Wednesday 8 June 2011, 08:50
The producer of The 40 Year Twitch Toby Swift writes: "Daniel Thurman is a talented young writer whose work often 'finds rich humour in the seemingly mundane' (Radio Times). And it is a 'seemingly mundane' relationship that Daniel explores to great effect in his new comic play. And to make it even harder to get the idea commissioned in the first place, he decided that said relationship should revolve around birdwatching - 'birding' to the initiated. For some, the mere mention of a play about birdwatching is the end of the conversation but I'd urge them to put aside their doubts. I asked Daniel to explain how his own relationship with the world of birds feeds into his sense of life beyond beaks and feathers."
At about the age of nine or ten I was bought a book called 'Animal Tracks and Traces'. This contained detailed illustrations of, among other things, paw prints and pellets. Pellets are the undigested food parts regurgitated by some bird species and, playing in the fields close to our house, I would sometimes come across those deposited by barn owls - a small lozenge-shaped mass of insect exoskeletons, rodent bones and fur. Sounds gruesome but I found them fascinating.
The barn owl being something I only rarely glimpsed, these pellets were an insight into their lives and made me feel closer to the bird. I could identify what animals it had eaten which then allowed me to paint a more vivid mental picture of the barn owl's nocturnal hunting trips. It may have fed while I was sleeping but this way I could join it in flight and in the pursuit of its prey. I think there lies the origins of my radio play The Forty Year Twitch.
The biggest influence was the concept of bird enthusiasts living vicariously though the objects of their interest. This is surely a notion we can all appreciate to some degree?
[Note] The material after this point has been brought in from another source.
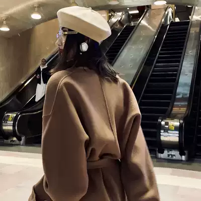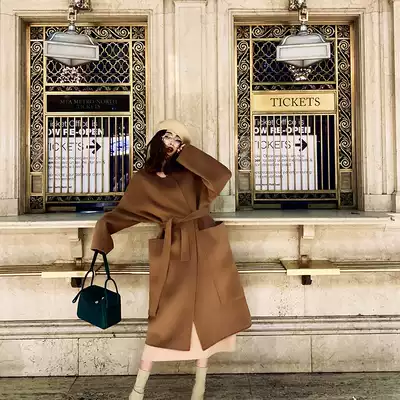 ALUONLINESHOP imported Australian wool 850g caramel Maroon all wool silhouette texture coat coat coat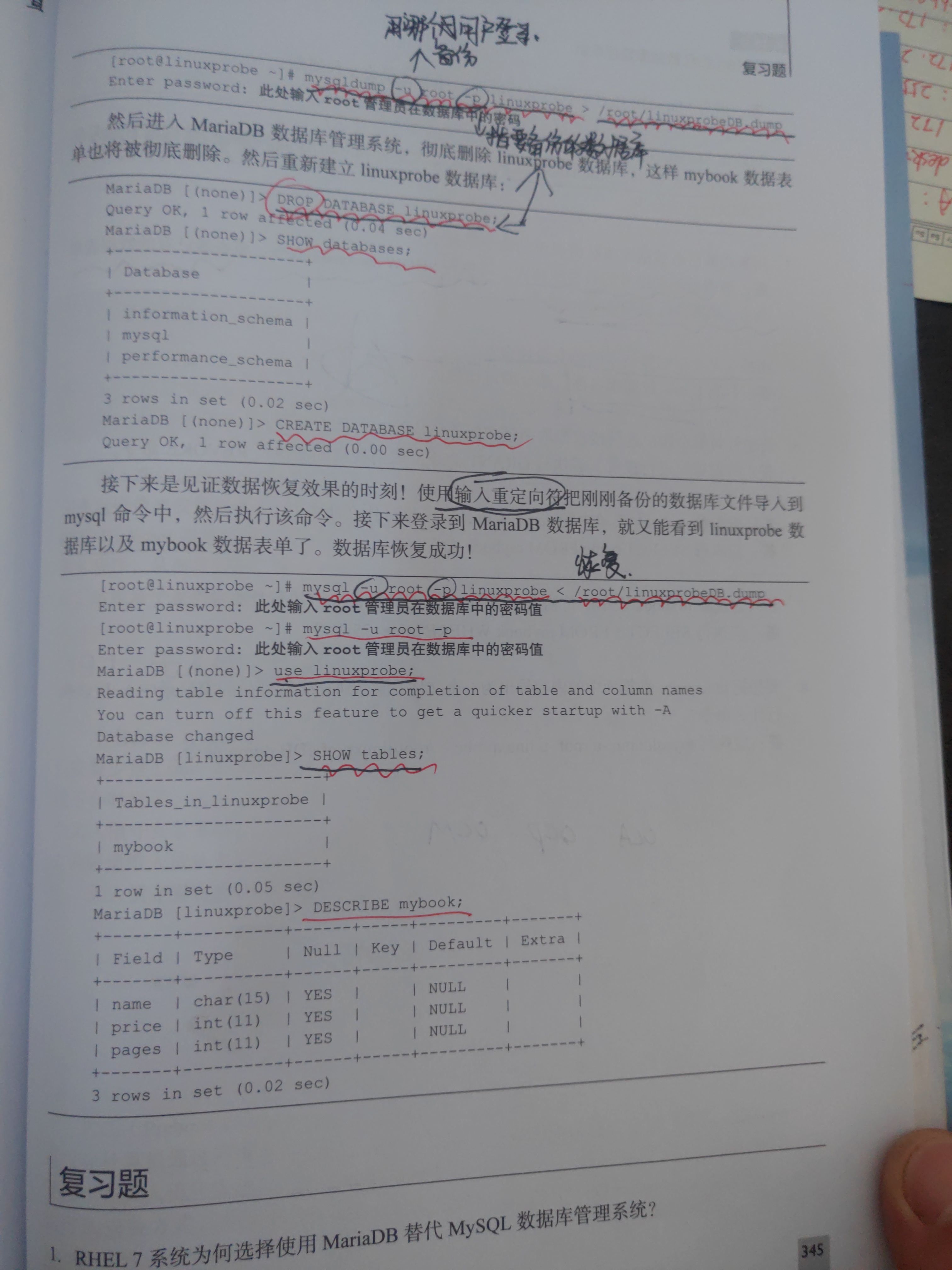 [root@linuxprobe ~]# mysql -u root -p linuxprobe < /root/linuxprobeDB.dump #创建数据库,不过内容是空的,使用该命令进行数据库内容的恢复

After all, flight must rank pretty highly among us humans as a desired 'super power'.
I imagine we have all dreamt of possessing the ability to take off for a destination of our choosing; to ride the thermals and perhaps crap on certain individuals from a great height? This makes me wonder if there's such a thing as 'flight envy'? It wouldn't surprise me if the condition existed. Just think how the gift of flight would benefit our lives. Certainly we could all drastically reduce our carbon footprints.
Anyway, my own relationship with our feathered friends has been a complicated one. For example, this childhood appreciation of wild birds sits awkwardly with the fact that I also kept a caged budgerigar. Shamefully, the only time I can remember feeling unsettled by its presence was when it was allowed out to 'stretch its wings'.
In preparation, my Mum would close the lounge curtains and switch on the electric light for fear that, upon seeing the outside world, my pet would beat itself unconscious against the window. Apart from its initial flight from the cage door, I remember it spending most of its 'freedom' perched nervously on the pelmet.
Clearly at that time my sympathies lay more with its wild counterparts, the barn owls, the sparrows which flitted seemingly carefree in and out of our hedge, the pair of blackbirds which foraged together across our freshly mown lawn, the house martins which, after wintering in warmer climes, reappeared each spring to build their nests under the eaves of our local pub. One might covet their lives as much as the budgie would.
It seems strange that we go about our daily business surrounded by birds yet, for the majority of us, they remain very much on the periphery.
As a child growing up in the countryside, I didn't really consider birds to be 'an interest'. They were numerous and varied and it would have been ignorant not to take notice. But at some point my attention was diverted.
In recent years, as an adult living in the city, the odd near-miss with a low-flying pigeon was about the closest I came to a connection. Writing 'The Forty Year Twitch' has brought birds back into focus and once again their lives seem pertinent to me. It is from my desk that I first noticed a pair of jays had taken up residence in a neighbour's garden. I wrote parts of the play in Spain, sitting in a park opposite a large fir tree occupied by a flock of screeching parakeets. And certain scenes were written at my parent's house, in the garden of which dozens of goldfinch wait for their turn at the bird feeder.
In fact, as I write this, I notice a crow is picking a hole in a bin bag left out for collection. He has just fished out a rotten morsel and eaten it. I can't say I envy him that.